1024 wordsize, 16 sets, 8 ways OR 1024 wordsize, 32 sets, 4 ways

Penalty is almost doubled and we are worse off!
Although the 17252KB Coremark instructions finally seems to fit in the L1 I cache.

    stop time is          33378390000
    IPC: 0.223395
    L1 I Cache:    1269162 hits,        139 misses,    2541183 cycles,     20.568 penalty
    L2 I Cache:         36 hits,        103 misses,       2443 cycles,     23.019 penalty
    L1 D Cache:      73912 hits,         24 misses,     148481 cycles,     27.375 penalty
    L2 D Cache:          0 hits,         24 misses,        585 cycles,     24.375 penalty
    $finish at simulation time          33419590000

Leftover Issue from CP2: Branch & Jump Instructions

What's required?

PCMUX outside EX MEM pipeline register
- EX enabled and EX commit : Load PCMUX in EX stage
- EX disabled and IF commit : Load PCMUX with pcplus4
Disable IF, ID, EX stages when there is a branch committed to PCMUX register
- When IF, EX are committed at the same time, the instruction propagating to ID is wrong (current PC + 4)
- Fix 1: Do not enable IF during the next RDY -> BUSY transition
- Fix 2: Use IF_mask register to mask the if_enable signal

Steps

Remove legacy PCMUX in pipeline register [Done]
Create new PCMUX register, wire the input and output [Done]
Wire load_pc_mux signal, export ex_enable from hazard_ctrl.sv [Done]
Add IF_mask reg, wire the logic [Done]
Mask if_enable *transition- if IF_mask is asserted [Done]

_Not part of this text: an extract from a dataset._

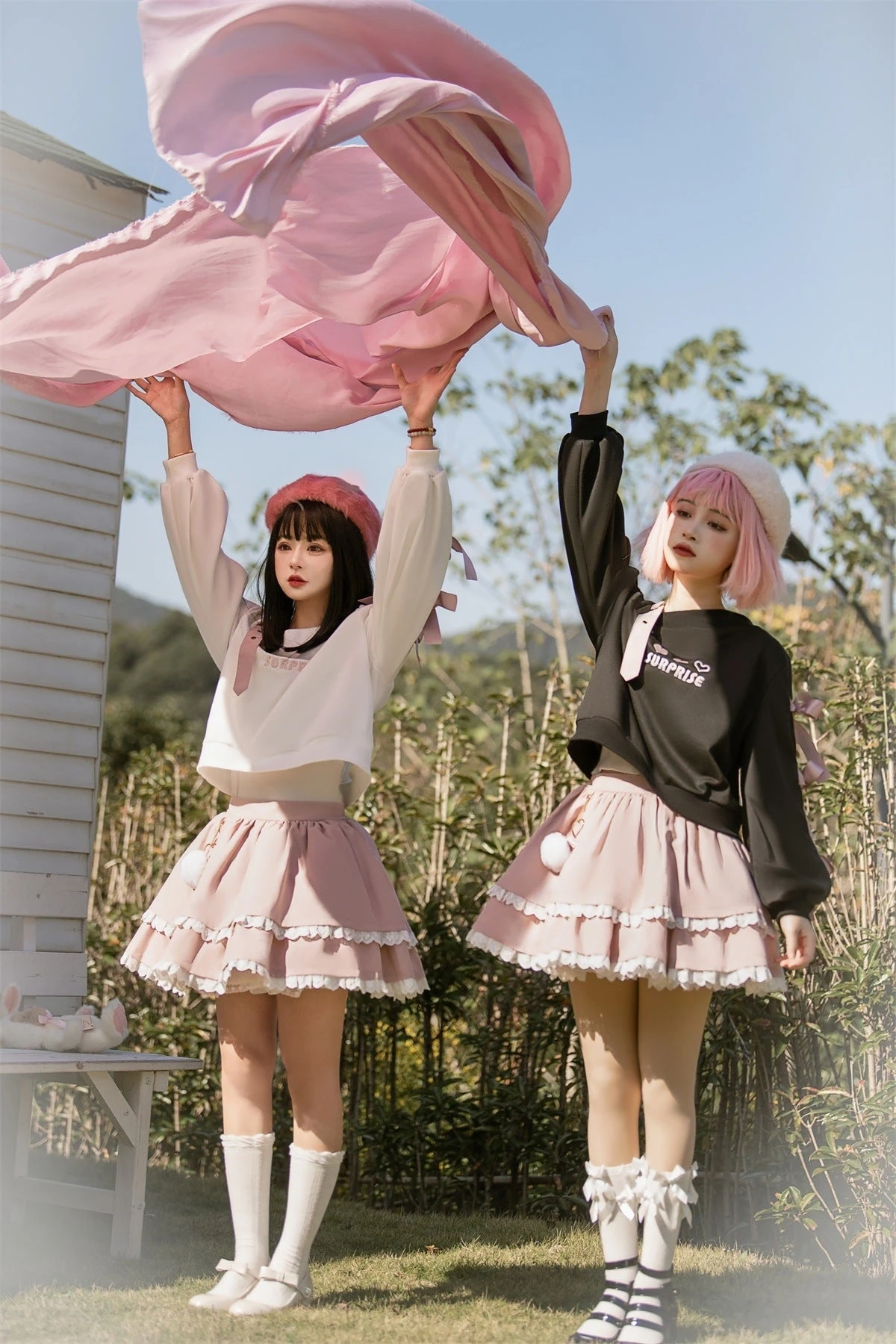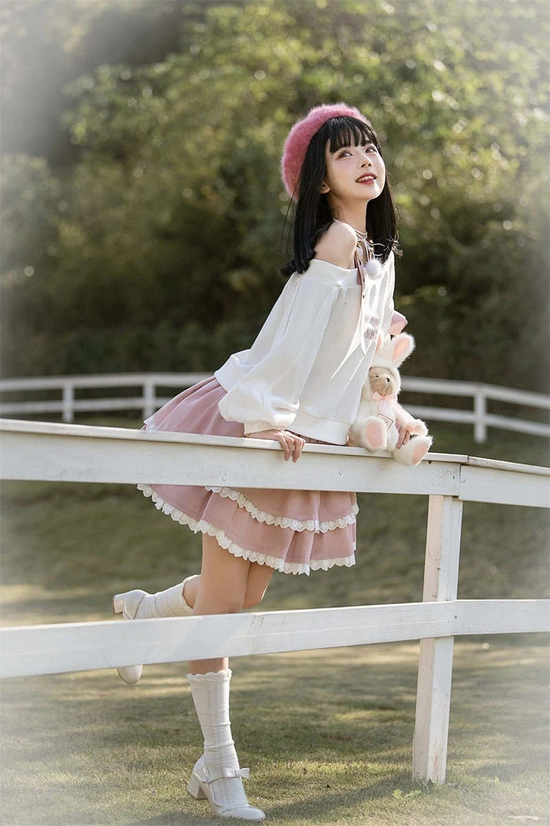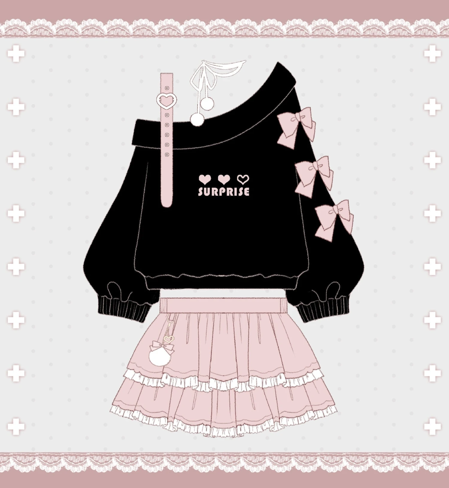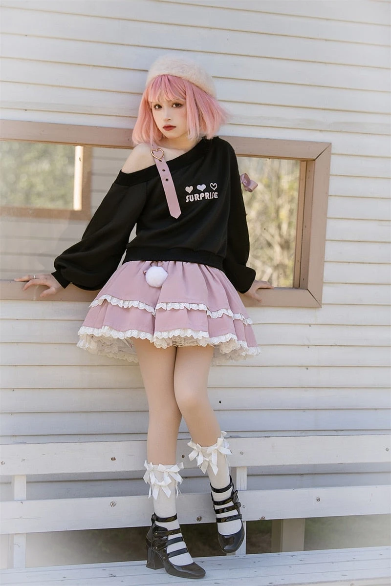 - Piece this cute pastel gothic outfit together one by one with a cute heart surprise off the shoulder belted top, then pair it with a matching cake layered skirt.

Hao Ren's Current Work: Next-Line Prefetcher

How can the next-line prefetcher improve performance of a processor?
- We use the time when DMEM and IMEM are both idle to prefetch the next cacheline
- We need the arbiter to give a status feedback is_idle
Then how can we preempt the memory?
- By modifying the arbiter
How do we know what cache-line to pre-fetch?
- By recording the last cacheline read from IMEM

Steps

Know the arbiter implementation (how to preempt the memory)
Record the last read imem cacheline
- Can incorporate the branch taken signal
- If the branch taken signal is high, we can skip the current prefetch.
- So we need a storage unit checking if between memory requests, if there is a branch taken signal.
Modify the arbiter to preempt the memory
1. First, we must NOT expose the cacheline read to CPU, hence the ipmem_resp must not be asserted upon a prefetch.
2. Second, we must modify the state transition
  - The prefetch state can be reached when the state machine is idle and there is no memory request at the moment

Testing Strategy

Testing a next-line prefetcher in a processor involves verifying its ability to improve performance by pre-fetching data, ensuring proper integration with the memory system, and confirming that it behaves correctly under various scenarios. Here’s a concise testing strategy:

Prefetch Functionality Tests
- Basic Prefetch Operation: Verify that the prefetcher correctly fetches the next cache line when the data memory (dmem) and instruction memory (imem) are idle.
- Integration with Arbiter: Test the interaction between the prefetcher and the arbiter to ensure the prefetcher can preempt memory correctly and the arbiter provides accurate is_idle status.
Branch Prediction Integration
- Branch Taken Signal Handling: Test how the prefetcher responds to the branch taken signal. Ensure it skips prefetching appropriately when the signal is high.
- Record and Respond to Cache Lines: Verify the prefetcher correctly records the last read imem cache line and uses this information for subsequent prefetch decisions.
State Machine and Control Logic Verification
- State Transition Testing: Confirm that the state machine transitions correctly, especially the introduction of the prefetch state. Ensure this state is only entered when appropriate (e.g., when the system is idle and there’s no pending memory request).
- Response Suppression: Verify that cache line reads by the prefetcher are not exposed to the CPU (ipmem_resp should not be asserted for prefetch operations).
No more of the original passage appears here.